• EXERCISE INSTRUCTIONS:
Reproduce from the records below, with no pictures, exactly the lines between the one containing "Jag började med" and the one containing "cable can be", inclusive.

• SOURCE MATERIAL:
+-------+
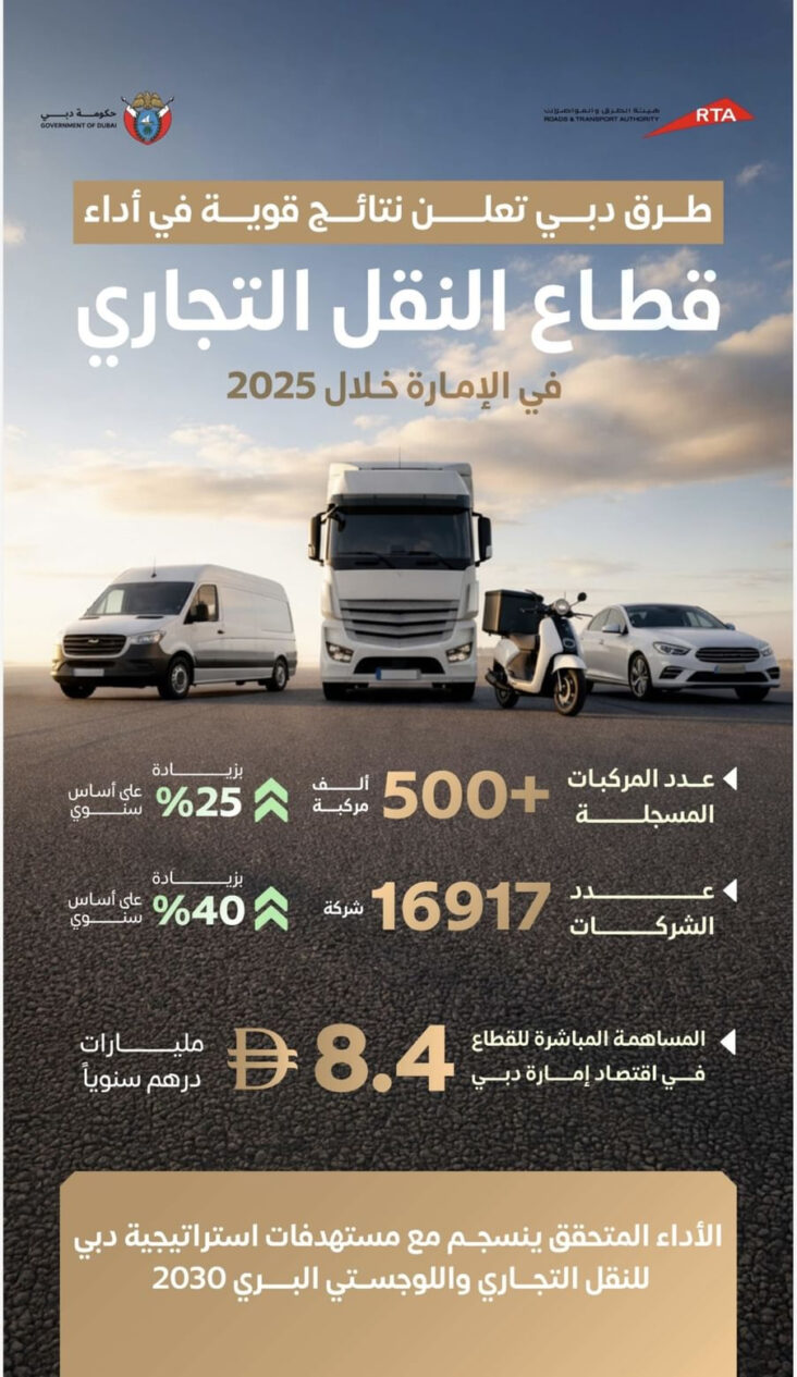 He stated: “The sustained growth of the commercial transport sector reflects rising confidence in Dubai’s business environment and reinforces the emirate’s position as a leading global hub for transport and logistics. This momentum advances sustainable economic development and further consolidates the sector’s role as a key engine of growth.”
+-------+
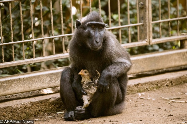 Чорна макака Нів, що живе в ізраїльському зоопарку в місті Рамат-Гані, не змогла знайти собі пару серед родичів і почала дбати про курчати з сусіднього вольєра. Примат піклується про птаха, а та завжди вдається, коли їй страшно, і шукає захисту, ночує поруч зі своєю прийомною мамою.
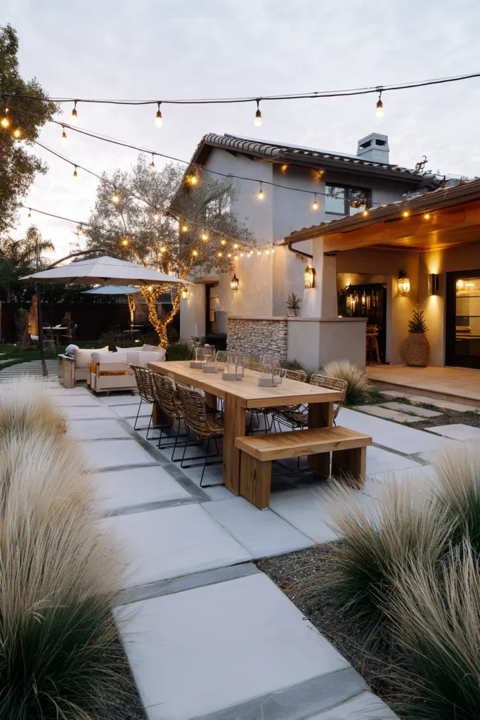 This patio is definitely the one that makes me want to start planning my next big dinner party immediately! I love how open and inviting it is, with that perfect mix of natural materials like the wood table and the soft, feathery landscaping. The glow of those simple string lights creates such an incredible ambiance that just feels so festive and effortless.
+-------+
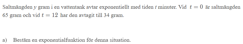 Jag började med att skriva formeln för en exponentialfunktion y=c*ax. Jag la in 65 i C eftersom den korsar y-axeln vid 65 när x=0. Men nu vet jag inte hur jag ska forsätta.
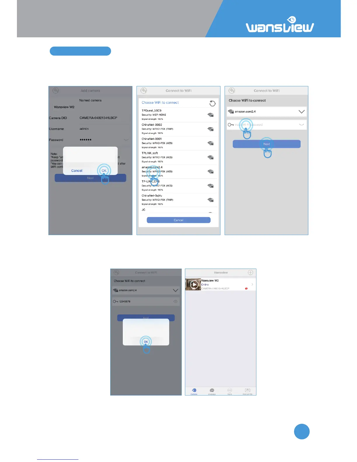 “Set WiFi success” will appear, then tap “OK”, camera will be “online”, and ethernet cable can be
+-------+
• OUTPUT OF THE EXERCISE:
 Jag började med att skriva formeln för en exponentialfunktion y=c*ax. Jag la in 65 i C eftersom den korsar y-axeln vid 65 när x=0. Men nu vet jag inte hur jag ska forsätta.
 “Set WiFi success” will appear, then tap “OK”, camera will be “online”, and ethernet cable can be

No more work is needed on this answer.